(52)ニューヨークの囲碁クラブ

 11月18日から26日まで、石川県を広報するとともに日本文化を紹介するため、金沢のカルチャースクール石心の席主佃優子さんをリーダーとするグループがニューヨークを訪問し、囲碁将棋、書道、そして音楽のイベントを開催した。私は石川県や県内の囲碁団体・将棋団体とともにこのイベントを後援する石川県人会の一員として、このイベントに参加した。現地に到着後、イベント実施に先だって、一行の中の関係者がニューヨークの囲碁クラブを訪問した。

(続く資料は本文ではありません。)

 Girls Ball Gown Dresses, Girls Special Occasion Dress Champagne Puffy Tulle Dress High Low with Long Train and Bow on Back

 ニューヨークの囲碁クラブは、英語でNew York Institute of Go、略してNYIGという名称である。日本語では、ニューヨーク棋院と訳される。この棋院は、殷さんという中国の女性が院長として運営されており、マンハッタンの中心とも言えるタイムズスクエアから遠くない場所にある。殷さんの丁寧な案内で、施設を見せてもらった。玄関から入ると、ちょっとした囲碁対局室があって、小テーブルが2台置かれ、碁盤と碁笥が用意されている。奥には広い部屋があり、訪問時には何も置かれていなかったが、大勢の方々が一斉対局するには格好の空間と思った。ここは、ニューヨークやその近辺の愛棋家が集まるには極めて好適な場所のように見えた。

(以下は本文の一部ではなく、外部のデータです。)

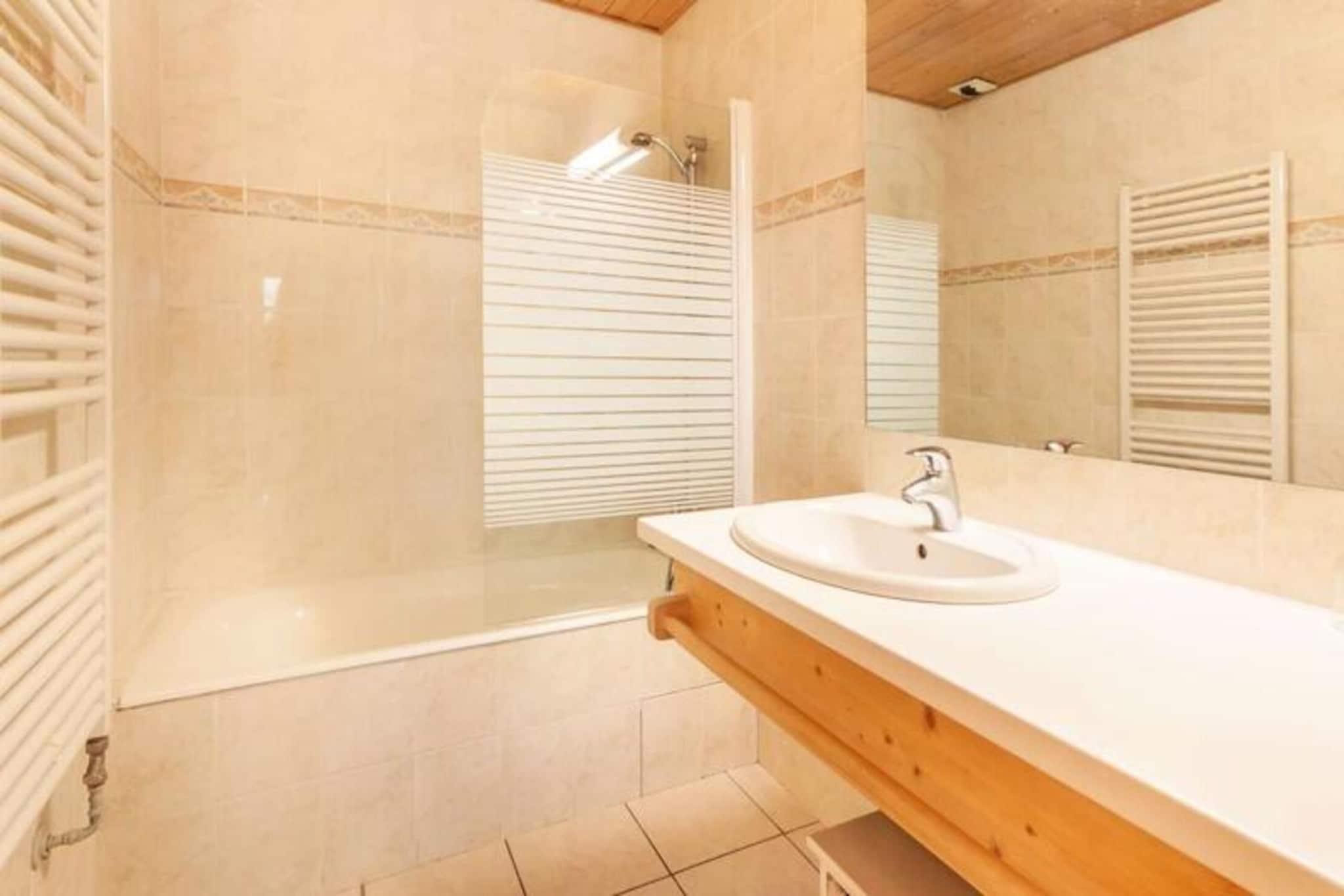 Lägenheten ligger på bottenvåningen i en privat stuga och erbjuder ett rymligt vardagsrum och matplats med tillgång till en balkong, perfekt för att njuta av utsikten. Det öppna köket är fullt utrustat med diskmaskin, ugn och mikrovågsugn, så att gästerna enkelt kan laga mat under sin vistelse. Lägenheten har ett sovrum med dubbelsäng, ett sovrum med två enkelsängar och ett annat sovrum med dubbelsäng som rymmer upp till 6 personer. Ett badrum och en separat toalett kompletterar inredningen. Utomhusparkering är tillgänglig för extra bekvämlighet, och lägenheten har även Wifi, TV och en tvättmaskin för en bekväm vistelse. Lägenheten ligger bara 5 minuter från byns centrum och erbjuder enkel tillgång till både backarna och lokala butiker, restauranger och afterski-ställen. Pleney-backarna är direkt åtkomliga, vilket gör den perfekt för dem som vill ta sig ut i skidbackarna med minimal ansträngning. På sommaren drar lägenheten nytta av sitt deltagande i Summer Multipass-programmet, vilket ger tillgång till en mängd olika utomhusaktiviteter. Medan turistskatten är en extra kostnad, erbjuder lägenheten alla nödvändiga bekvämligheter för en avkopplande och bekväm vistelse. Hyran inkluderar lakan, handdukar, påslakan och badmattor, vilket säkerställer att gästerna har allt de behöver för en bekväm vistelse.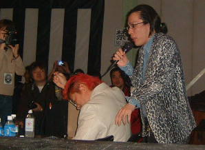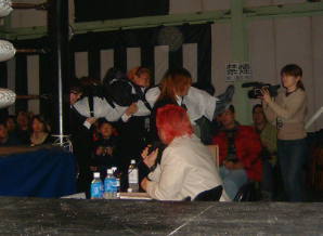 ★竹ノ塚は遠いなあ。駅からも会場遠いなあ。会場前にはとんとん丸ラーメンの屋台も出てました。食いたかったなあ。んで会場はBFよりちょこっと大き目の倉庫。そいで開場前から長蛇の列が出来てました。住宅地の為路駐している馬鹿者のせいで警察まで登場。まったく会場下調べしてから来いっつうの。したら車止めてから来んべっつうの。と波瀾の幕開けか?会場は人でびっしり埋まり素敵な風景。試合前に解説のMEN'Sテイオー選手が入場。で,666に拉致された須山さんが登場。途中からニコライもいたよ。二人の解説&実況はなかなか面白かったなあ。音響が上手く出来てたらもっと良かったのにね。全体的に音のトラブルが多いのが残念だった。一応レコード会社とのコラボだから余計に。試合内容はそんなにクオリティーが高くはなかったのに結構満足出来た大会でした。興行がトータル的に良かったのでしょうかね。エンディングにはサザエさんのパロディーの映像で笑わしてもらいました。超大物Xと一緒に観戦したり。ケミッチにも遭えて良かったなあ。だけど次行くかと聞かれたら???かな。まずまずの大会でした。3000円なら全然OKだな!!

 頂いたパンフレットを開いたら、まずNYIGの説明があり、次のように書かれていた。ニューヨーク棋院は、2016年の設立で、American Go AssociationとChinese Weiqi Association にサポートされた1000人の囲碁プロフェッショナルのグループで、その目標は、囲碁の精神と囲碁の哲学を伝達、高揚することにある。NYIGは、全ての年齢の方々に対する囲碁教室を開いており、毎季あるいは毎年、個人と団体のトーナメントを開催していると。

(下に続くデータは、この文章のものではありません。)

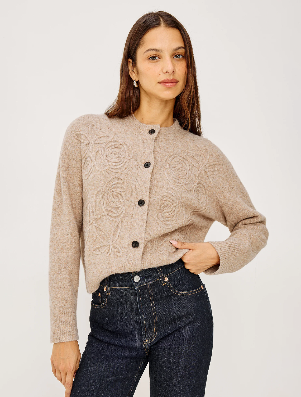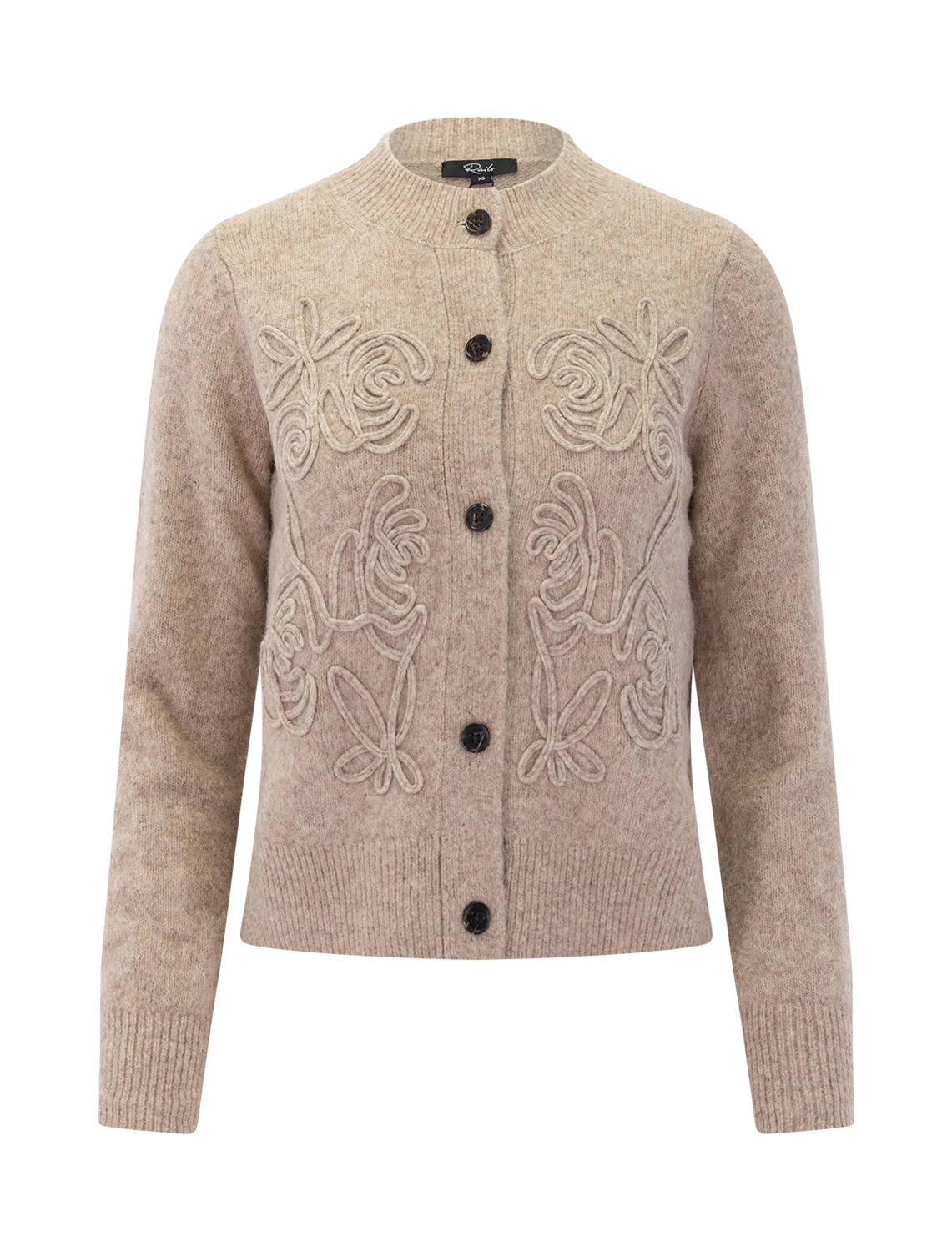 Comfort elevated to an art form, the Coralee is a sumptuously soft alpaca-knit cardigan with romantic soutache rosette detailing. It features front button closures, a relaxed fit, and long sleeves.

 さらにパンフレットを詳細に見ると、囲碁が行われている国々を示す世界地図が載せてあり、さらに、世界で囲碁がどのように呼ばれているかが示されている。英語では「Go」、日本語では「Igo:囲碁」、中国語では「Weiqi:囲棋(囲は簡体字)」で、韓国語はハングル表記で書かれており、発音は「Beduk」である。折りたたみを開くと、碁の歴史がかいつまんで述べてあり、世界にGo-playerが6000万人以上いると記されている。その下に2017年にアルファ碁と中国のナンバーワン棋士可潔氏が対局した譜面が掲載されていて、この一局が、AI時代の本格的開幕を告げる歴史的対局であったことを示しているようであった。しかし、AI時代でも、囲碁はその深さが全く損なわれず、その哲学を広めたいという目標をこの棋院が髙く掲げているのは素晴しいと受け止めた。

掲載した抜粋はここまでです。